Or not.
It's funny to me to blog. It has become yet one more area of my life where I feel this urgency to live up to some random standard I've set for myself thinking that other people will be let down, disappointed, think me unprofessional - the list goes on. And what's funny, in that non-ha-ha sense, is that nobody cares. I don't mean that in a harsh way, more in a, I know the only person who has given more than one iota of negative thought to the fact I haven't posted in awhile is me. Ok, other than my book publicist.

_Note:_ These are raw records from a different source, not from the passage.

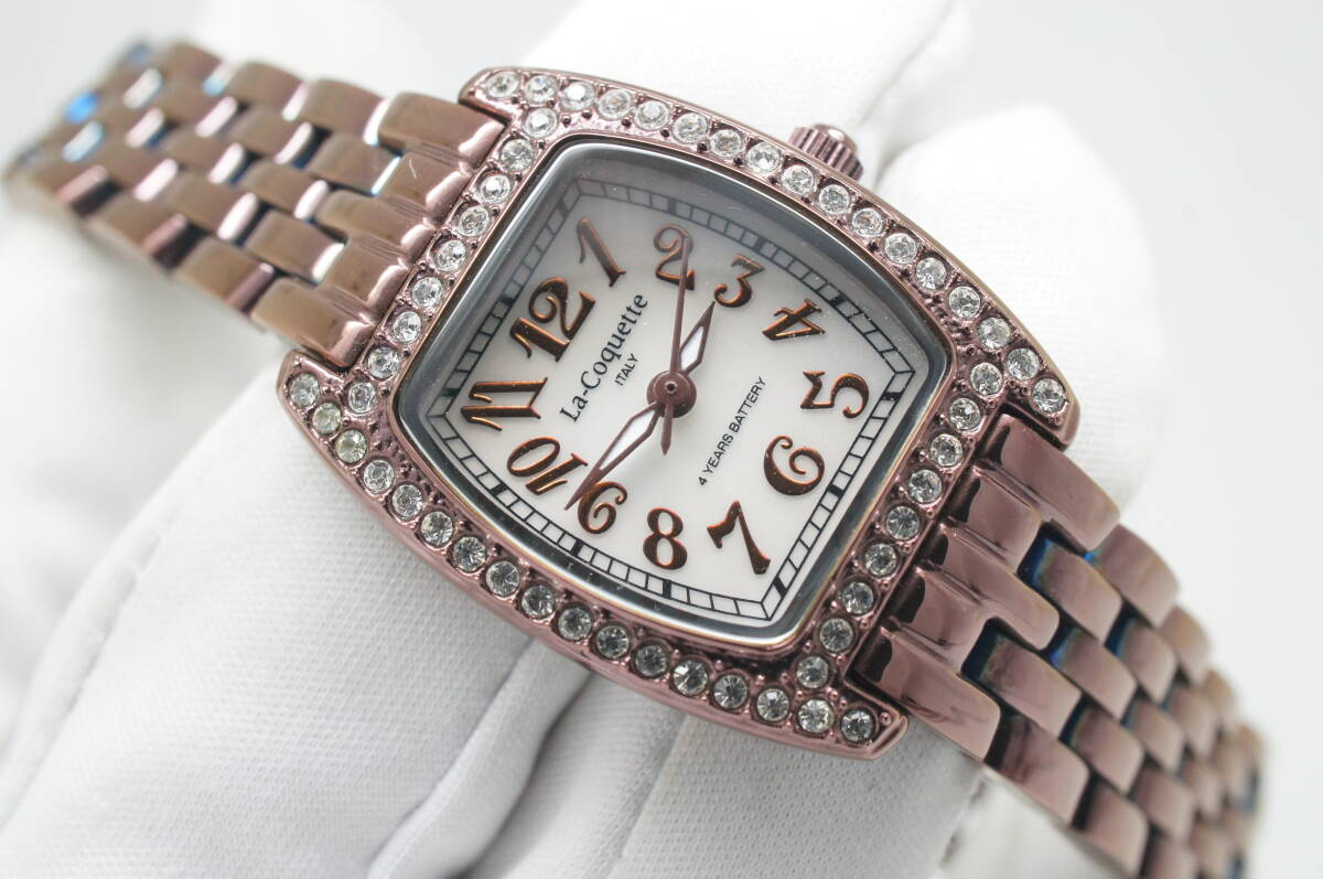 > B88●作動良好 美品 La Coquette 4 YEARS BATTERY シェル文字盤 ラインストーン トノー型 レディース腕時計 お洒落 クォーツ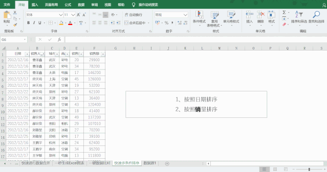 操作步驟:選中數據表的任意一個單元格,在【數據】選項卡下點擊【排序】,主要關鍵字選擇“日期”(升序排列)。點擊【添加條件】,次要關鍵字選擇“銷量”(升序排列),點擊【確定】,完成。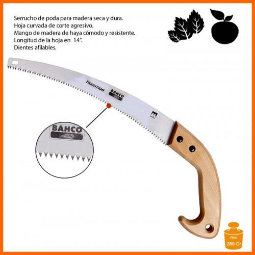 Serrucho de Poda Manual Semicurvo Con 11 Dientes Tratados y largo de 12” o 14” Mango Madera Marca BAHCO-SANDVIK TRADITION 4212-6T/ 4214-6T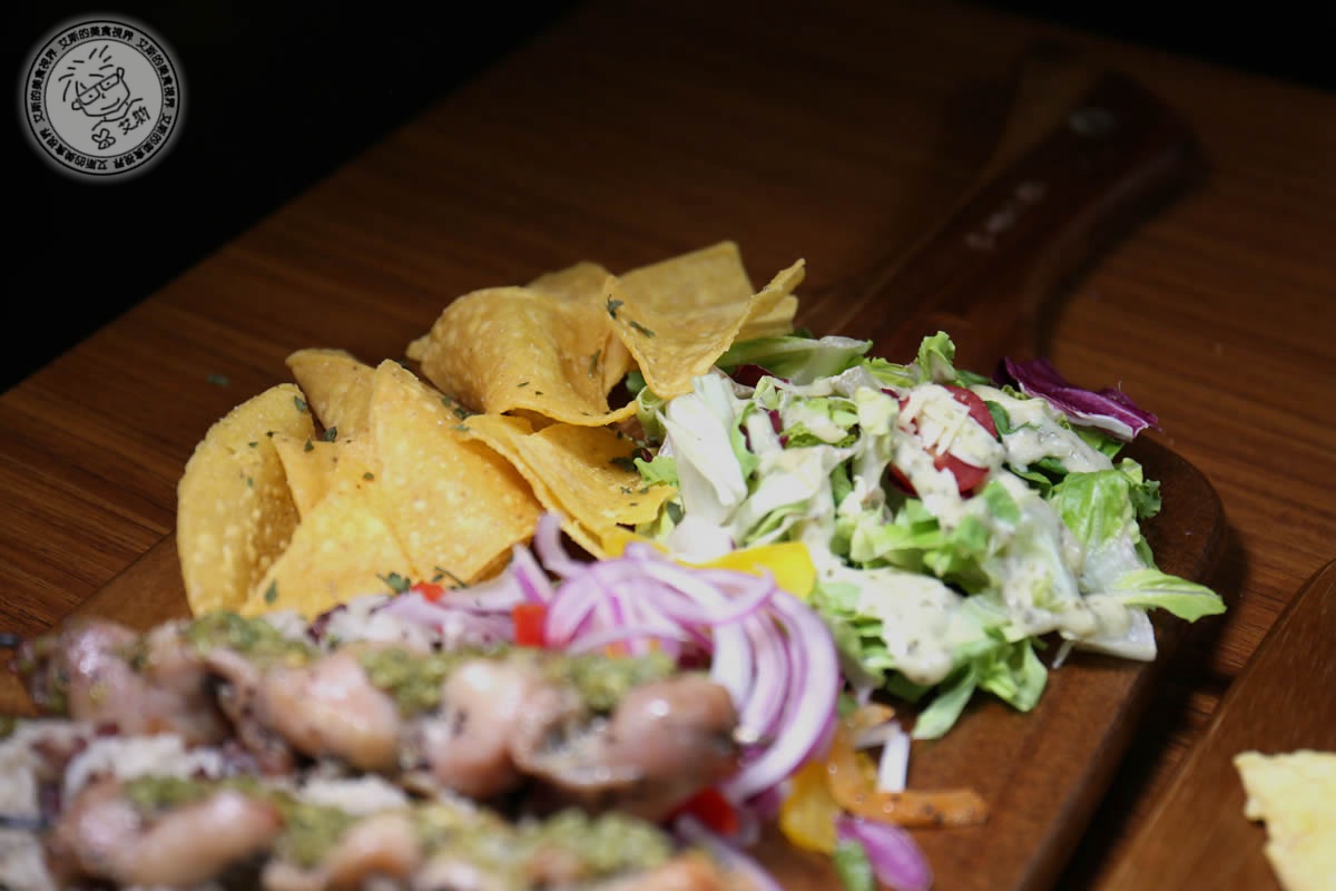 這道把原本的街頭法士達升級成鑄鐵鍋呈現,熱度加上鍋氣一上桌就香氣滿滿。豬肉與許多香料一起拌炒,酸甜微辣,超級開胃。搭配墨西哥餅皮可以自己包,加入酸奶油、酪梨醬、鹹豆泥與莎莎醬,每一種醬料都能帶來不同層次,酸奶油讓口感更清爽、酪梨增滑順、莎莎讓味覺更亮。旁邊的凱薩沙拉也能解膩。整體份量實在、吃法自由。

And isn't that what half my problem is with life? Always worried that other people are thinking negatively: at Safeway when my kid's crying in the car-cart because I won't give her a giant marshmallow, at the four way stop because I'm in the right hand lane that really is a lane but no one thinks it is, when I show up at pre-school in the same outfit I wore the day before (yes, it involves yoga pants that have never seen yoga), when my husband comes home and the house looks like a Filene's Basement wedding dress sale and we're having take-out. Again. When I made that sarcastic comment on Facebook and no one realized it was sarcastic. When...
All these things to feel guilty/weird/anxious about and yet, no one is really paying attention. And even if they are giving me that eye roll in the pasta aisle? Who the heavens cares? Because, you know what? We're all feeling guilty/weird/anxious about our own, say, lack of leg shaving before swim class. That woman who gave me the eye roll will only moments later be nervous about the check out guy seeing her tampons, Ben & Jerry's and PS I Love You DVD purchases.

In the meantime, I am revamping my website and we're going to start having some fun and not just these navel gaze-y, deep essays all the time. Oh, I'll still dish those up, because, you know, got to keep up appearances....
side note: so I was searching Google images for "bad dog no biscuit" and apparently that is code for "spandex wearing men, please take a picture of your junk." To which I reply, "please don't."